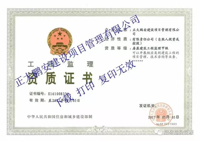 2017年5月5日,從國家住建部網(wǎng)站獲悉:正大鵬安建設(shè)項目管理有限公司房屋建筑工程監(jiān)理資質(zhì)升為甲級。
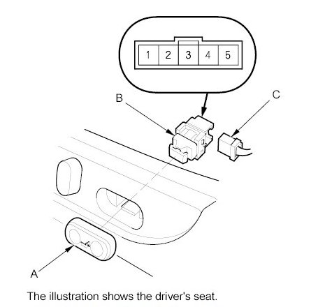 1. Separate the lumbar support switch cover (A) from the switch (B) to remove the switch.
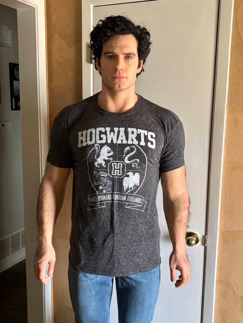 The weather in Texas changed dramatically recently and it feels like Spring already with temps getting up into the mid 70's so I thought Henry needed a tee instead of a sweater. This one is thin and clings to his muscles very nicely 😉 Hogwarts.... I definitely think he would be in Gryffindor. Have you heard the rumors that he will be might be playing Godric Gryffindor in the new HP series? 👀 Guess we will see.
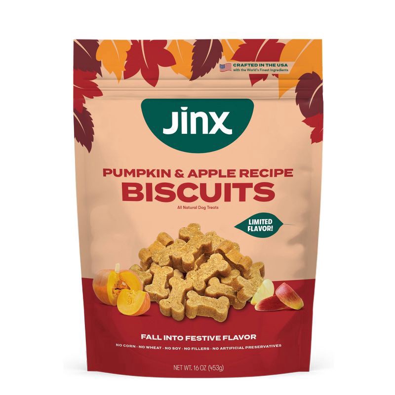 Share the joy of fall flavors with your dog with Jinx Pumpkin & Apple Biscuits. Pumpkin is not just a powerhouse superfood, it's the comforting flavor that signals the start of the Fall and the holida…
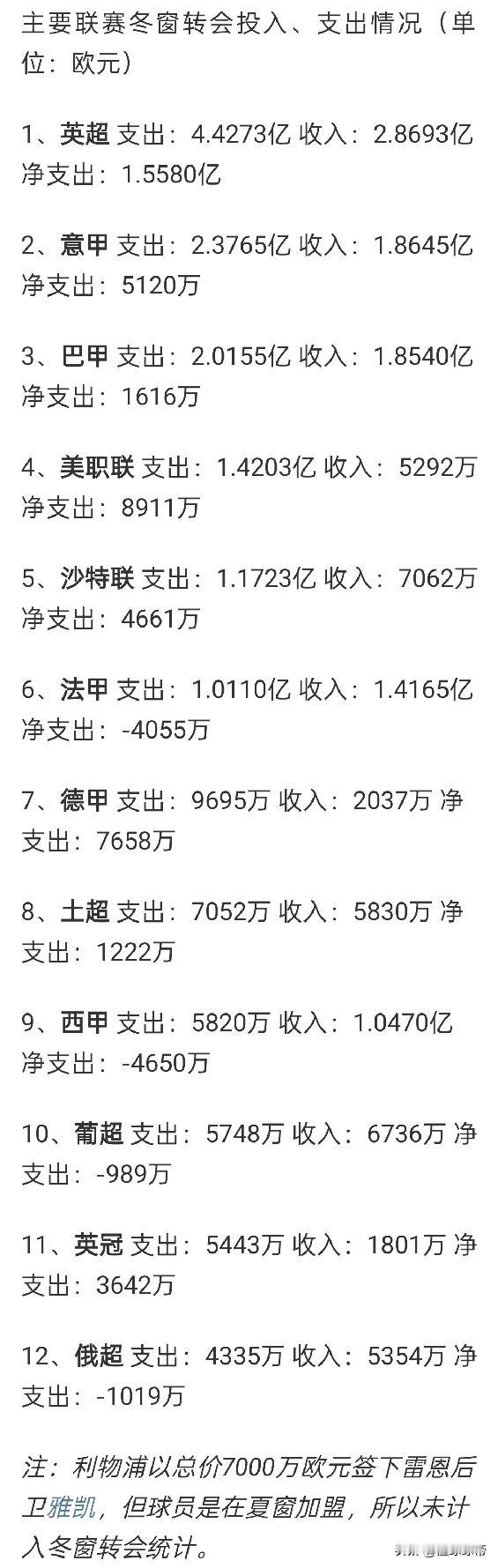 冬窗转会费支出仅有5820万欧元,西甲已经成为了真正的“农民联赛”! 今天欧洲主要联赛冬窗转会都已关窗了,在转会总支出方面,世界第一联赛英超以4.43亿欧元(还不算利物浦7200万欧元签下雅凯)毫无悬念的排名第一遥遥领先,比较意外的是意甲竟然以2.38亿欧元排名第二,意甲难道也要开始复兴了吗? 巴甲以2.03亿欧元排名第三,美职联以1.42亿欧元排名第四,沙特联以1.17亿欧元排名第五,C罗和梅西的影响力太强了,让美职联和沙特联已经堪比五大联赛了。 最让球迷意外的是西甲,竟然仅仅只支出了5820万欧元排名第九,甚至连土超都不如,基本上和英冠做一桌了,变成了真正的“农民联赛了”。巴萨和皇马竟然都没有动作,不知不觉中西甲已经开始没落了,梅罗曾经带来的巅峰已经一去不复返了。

--

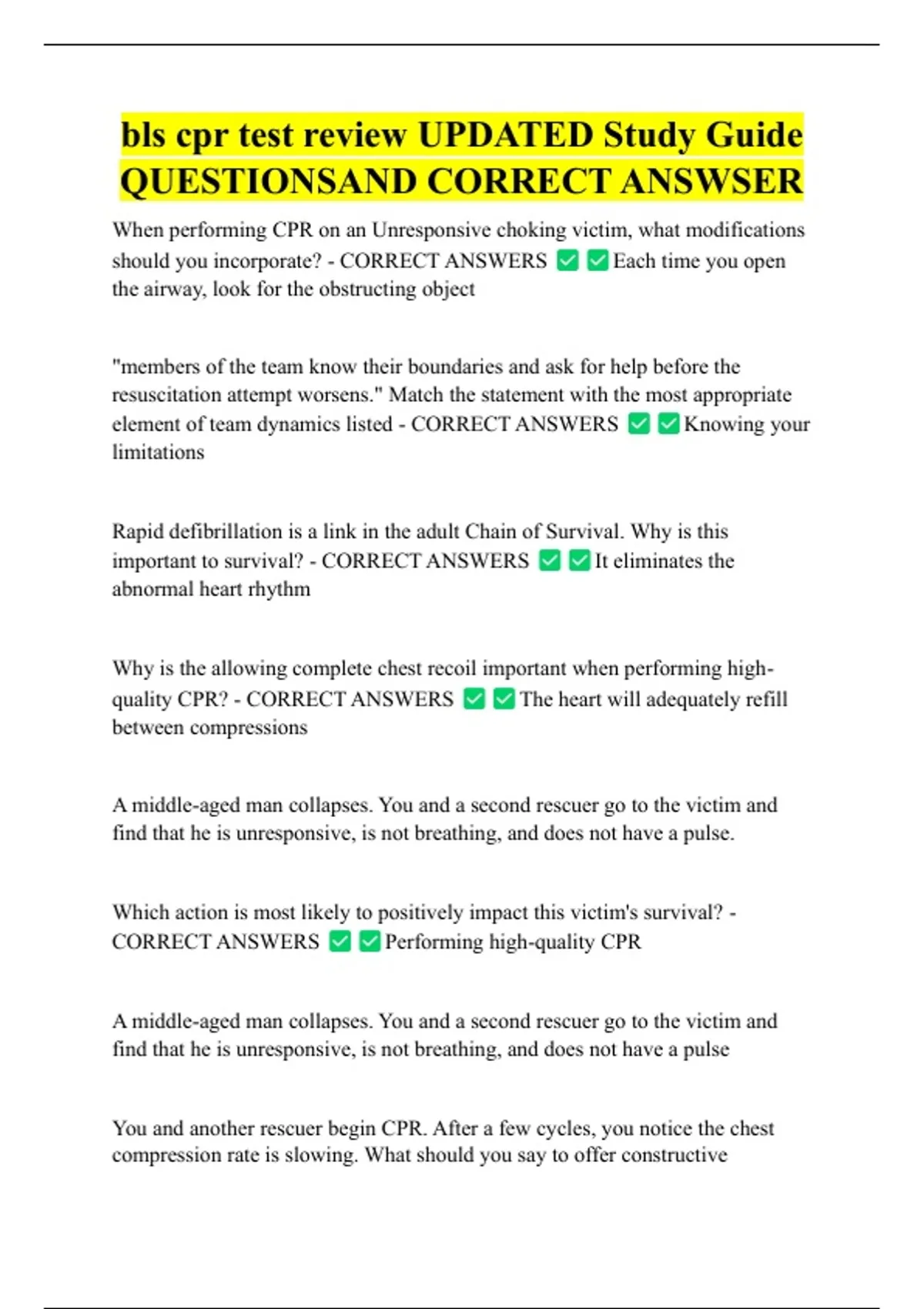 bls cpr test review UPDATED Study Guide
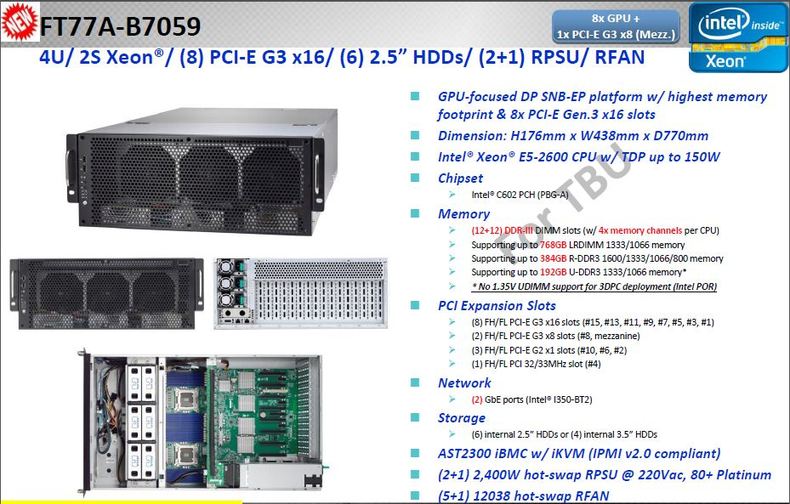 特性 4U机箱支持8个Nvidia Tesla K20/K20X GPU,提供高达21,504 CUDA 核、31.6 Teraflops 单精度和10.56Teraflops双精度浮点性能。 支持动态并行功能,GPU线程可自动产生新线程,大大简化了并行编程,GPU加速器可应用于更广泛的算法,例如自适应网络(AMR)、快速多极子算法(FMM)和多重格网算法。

### EXERCISE AIM
Please return the data above exactly as it stands from the line with "2017年5月5日,從國家住" to the line with "Share the joy", keeping both of those lines but none of the pictures.

### FINAL ANSWER
 2017年5月5日,從國家住建部網(wǎng)站獲悉:正大鵬安建設(shè)項目管理有限公司房屋建筑工程監(jiān)理資質(zhì)升為甲級。
 1. Separate the lumbar support switch cover (A) from the switch (B) to remove the switch.
 The weather in Texas changed dramatically recently and it feels like Spring already with temps getting up into the mid 70's so I thought Henry needed a tee instead of a sweater. This one is thin and clings to his muscles very nicely 😉 Hogwarts.... I definitely think he would be in Gryffindor. Have you heard the rumors that he will be might be playing Godric Gryffindor in the new HP series? 👀 Guess we will see.
 Share the joy of fall flavors with your dog with Jinx Pumpkin & Apple Biscuits. Pumpkin is not just a powerhouse superfood, it's the comforting flavor that signals the start of the Fall and the holida…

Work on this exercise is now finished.